Ralph Accessibility#

By default when Ralph is run it is only made accessible on the internal Docker Compose / Kubernetes networks. Setting RALPH_ENABLE_PUBLIC_URL to True allows external access to Ralph for additional xAPI use cases.

Note

This works with the default Tutor dev/local/k8s, but depending on your configuration, more changes may be required.

Superset Localization#

Superset offers very basic localization options. Aspects builds on those to bring localization to as many pieces of the user interface as is currently technically possible. The following settings impact localization options in Superset:

  • SUPERSET_SUPPORTED_LANGUAGES - This list controls what is displayed in the main Superset UI, which users can select from manually. It only impacts the main Superset user interface (top level menus). Note that these are only language options, and do no include locale specific translations (ex: French is supported, Canadian French is not).

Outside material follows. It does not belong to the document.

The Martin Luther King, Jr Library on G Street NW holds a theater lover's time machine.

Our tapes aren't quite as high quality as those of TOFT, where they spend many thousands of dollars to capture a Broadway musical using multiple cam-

  • SUPERSET_DASHBOARD_LOCALES - This list is for the Aspects language options and include all of the default Open edX languages. Many languages are still being translated, and you may wish to disable some rather than having a mix of localized strings and English being displayed, or add other options. This setting controls the names of dashboards, charts, and columns, as well as some fields returned from the database.

  • The patch superset-extra-asset-translations allows you to augment or replace the default translations provided with Aspects.

Note

Superset does not yet support right-to-left languages such as Arabic and Hebrew. We are actively seeking help in adding that functionality upstream, if you are interested please get in touch!

Monitoring Superset#

Super set comes with built in Sentry support. If you set SUPERSET_SENTRY_DSN you can take advantage of that telemetry data.

Data Lifecycle / TTL#

Warning

By default Aspects partitions all stored data by month and will only keep 1 year of data! ClickHouse will automatically drop partitions of older data as they age off.

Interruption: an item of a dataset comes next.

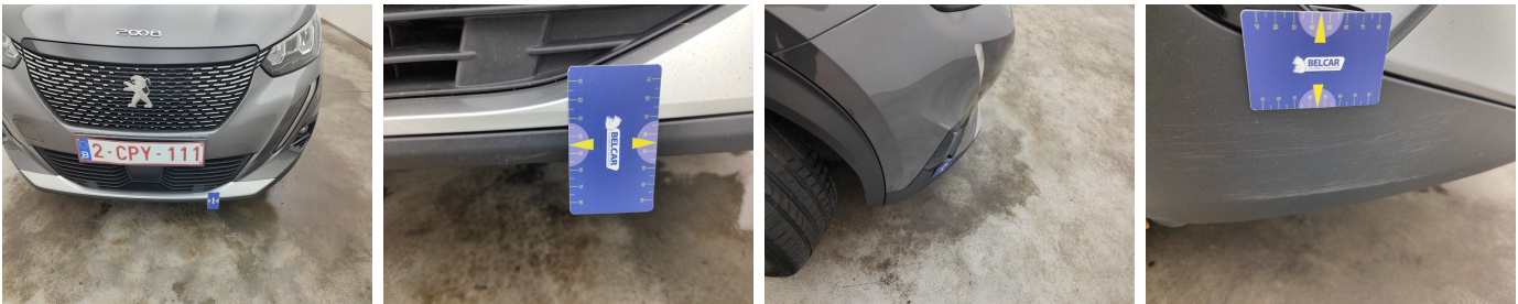
Bumper Front / Spoiler / Replace-scratch

For learner privacy and performance reasons, Aspects defaults to only storing one year’s worth of historical data. This can be changed or turned off entirely via the setting ASPECTS_DATA_TTL_EXPRESSION. See Data Lifecycle Policy for more information.

Backfilling Existing Data#

If you are setting up Aspects as part of an already established Open edX installation, you will probably want to import existing data. There are several things to keep in mind for this process, especially for large or long-running instances!

Backfilling Course and User Data#

Warning

The commands below will run as fast as possible by default, potentially causing performance issues on live sites. Please review the dump_data_to_clickhouse arguments to see options for testing the command with one or a few objects, or batching the process with a sleep time so as not to overwhelm the LMS, MySQL, or Celery queues.

There is a management command to populate course data for one, all, or a subset of courses:

tutor local run lms ./manage.py lms dump_data_to_clickhouse --object course_overviews

If you are running with ASPECTS_ENABLE_PII set to True you will need to populate the user PII data with these commands:

tutor local run lms ./manage.py lms dump_data_to_clickhouse --object external_id
tutor local run lms ./manage.py lms dump_data_to_clickhouse --object user_profile

Backfilling xAPI Data From Tracking Logs#

How you get data from tracking logs depends on where they are stored, and how large they are. As much as possible you should trim the log files down to just the events that fall within your data retention policy (see Data Lifecycle / TTL above) before loading them to avoid unnecessary load on production systems.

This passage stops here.